The light microscope

a diagram of a light microscope

  • Light microsocopes are used to see details, and enlarged images of small objects.
  • Enlarging an image is called magnification.
  • The amount of fine detail that can be seen is called resolution.
  • Light is focused onto the specimen (i.e. the histology slide) by a condenser.
  • The image produced is magnified by a combination of the objective lens and the eyepiece lens.
  • Usually, the eyepiece lens gives a x 10 magnification.
  • Three objective lenses are usually used: x10, x40 and x100.
  • The x100 lens is usually an oil-immersion lens - you need to view the sample through a drop of oil.
  • It is difficult to see much detail in live cells under the microscope, because cells tend to be colourless and transparent. This is why cells are often fixed and stained for microscopy.
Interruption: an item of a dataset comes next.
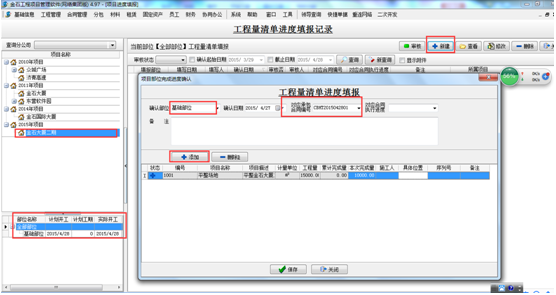 如下圖所示,在彈出的“項(xiàng)目部位分解及工程量清單設(shè)置”窗口中點(diǎn)“添加”按鈕,然后依次填寫項(xiàng)目部位名稱、工程量、單位等相關(guān)信息,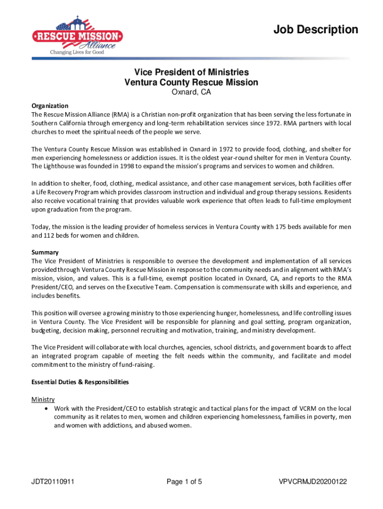 Get the free Vice President of Ministries - Ventura County Rescue Mission ...

Find out about histological sections for the light microscope.

Some Drawbacks to Light Microscopy:

1. The resolving power is limited:

It is important to know understand what the resolving power (resolution) of a light microscope is.

Resolution = 0.61 x λ /NA

where λ is the wavelength of the illuminating radiation, and NA the numerical aperture of the lens.

For a light microscope, the highest practicable NA is around 1.4. For white light (lambda is approximately 0.53m, the resolving power is 0.231m, or 231nm.

What this means is that, under optimal conditions, with a high numerical aperture lens, you can only resolve, or see as separate particles, two particles that are more than 200 nm apart.

2. The specimen is dead.

When cells are fixed and stained, the fixing procedure kills the cells. It is hard to know what the cells were involved in, from the dead remains, or what they might have been doing prior to, or gone on to do after, fixation. A technique that gets around this problem to some extent is a specialised form of microscopy called phase contrast microscopy, which generates black and white images of transparent cells by exploiting the different refractive indices of the various components within them. Even using this technique it is rarely possible to study the behaviour of cells in intact tissues because they are hidden from view, but the morphology and activities of living cells can be observed if they are removed from the body and kept alive in tissue culture.

comparison of phase and conventional optics

This photograph shows a cell in culture photographed
using conventional microscope optics (brightfield)
and phase contrast optics.

More recently, a fluorescent technique is being used, in which a fluorescent tag (a protein called green fluorescent protein from the jellyfish) is fused to a protein of interest. By imaging the position of the fluorescence, the location of the protein in a living cell can be monitored. This technique can give information about protein dynamics in living cells.